• [Prompt] After locating the line with "Question: Select the" in the entries below, set down exactly that line and each one after it to the end, skipping pictures.

• [Input for this task]
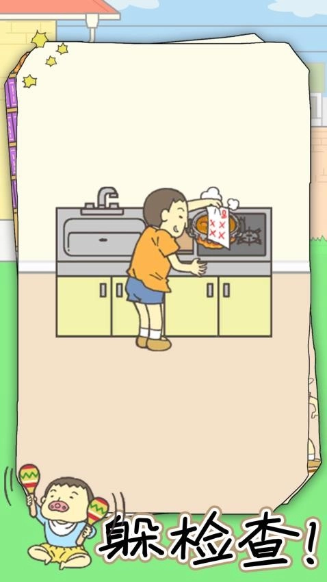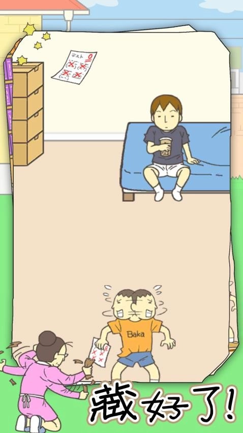 玩家需要在客厅、花园、浴室这类家庭场景里,通过点击的方式收集家具、电器、植物之类的物品,并用这些物品来遮挡试卷或者布置陷阱。要是能成功把试卷藏好,还没被“妈妈”察觉,就算顺利通关了。
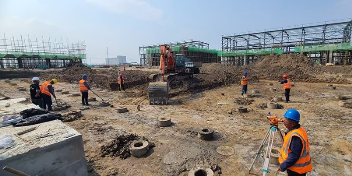 建筑工程公司為確保項目施工進度,節(jié)前召開專題會議,對“五一”期間的施工任務(wù)進行詳細安排,制定了科學(xué)合理的施工計劃。鳴歧項目為了提高施工進度,利用晚上時間進土,晝夜奮戰(zhàn),保障了各個施工單體及場地基礎(chǔ)回填用土需要,假期期間進土1萬余方,為后續(xù)施工進度奠定了堅實基礎(chǔ)。為確保長蘆鹽業(yè)公司泵站工程順利推進,工程技術(shù)部調(diào)配技術(shù)骨干班組,開啟了全天候奮戰(zhàn)模式。截至目前,鳴歧項目一、二車間基礎(chǔ)墻砌筑、圈梁澆筑已完成;港城填方項目已完成噴砂區(qū)填方并通過驗收,其他項目正在加快推進中。
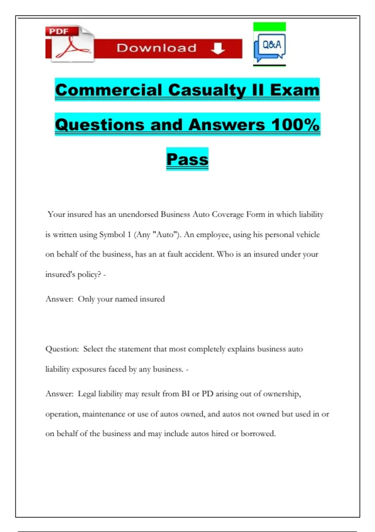 Question: Select the statement that most completely explains business auto
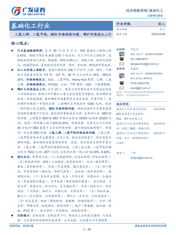 【广发证券】【20230306】20230306-广发证券-基础化工行业投资策略周报:三氯乙烯、二氯甲烷、MDI价格持续回暖,磷矿价格高位上行-19页
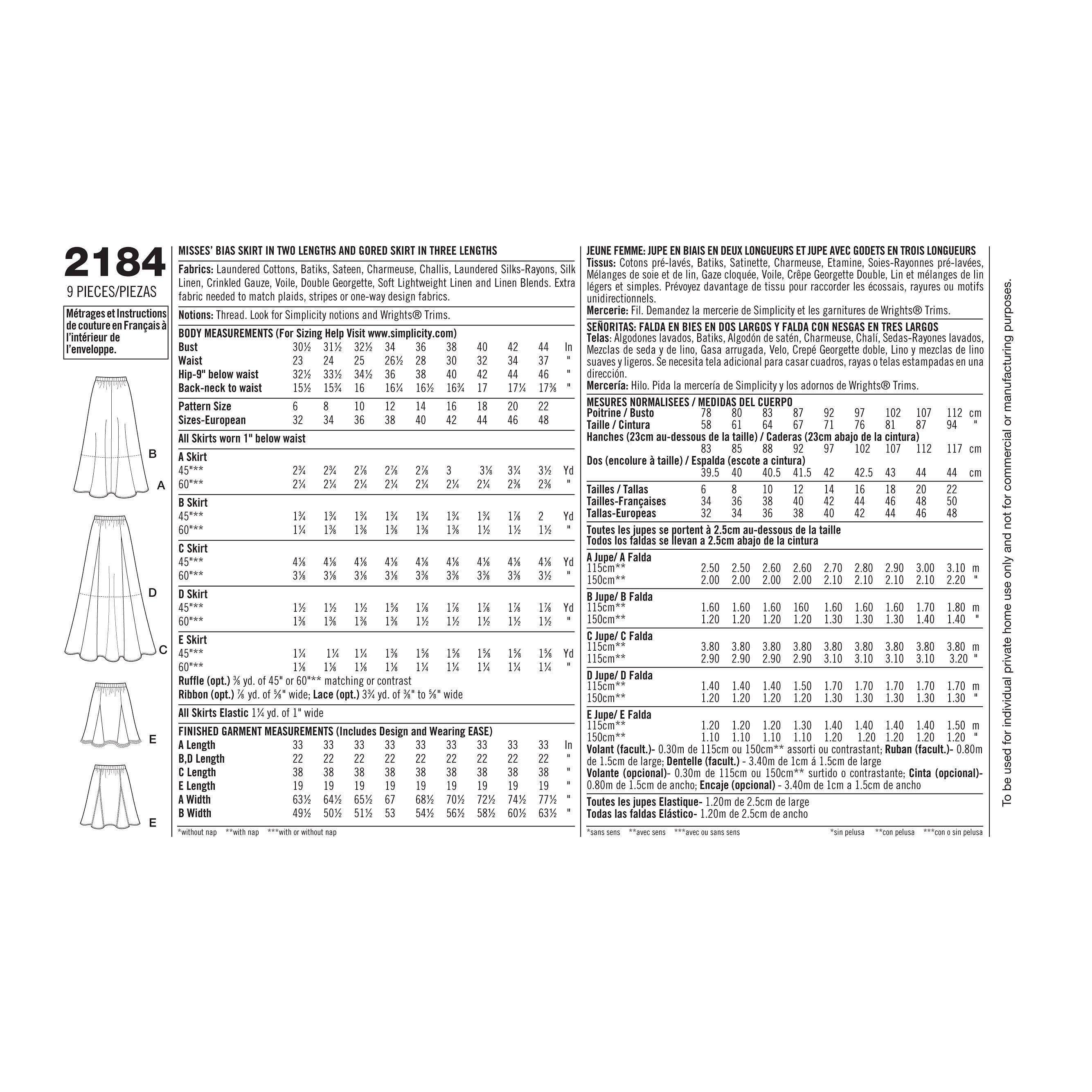 SimplicityWomens' Bias Skirts Sewing Pattern, 2184

• [Your response]
 Question: Select the statement that most completely explains business auto
 【广发证券】【20230306】20230306-广发证券-基础化工行业投资策略周报:三氯乙烯、二氯甲烷、MDI价格持续回暖,磷矿价格高位上行-19页
 SimplicityWomens' Bias Skirts Sewing Pattern, 2184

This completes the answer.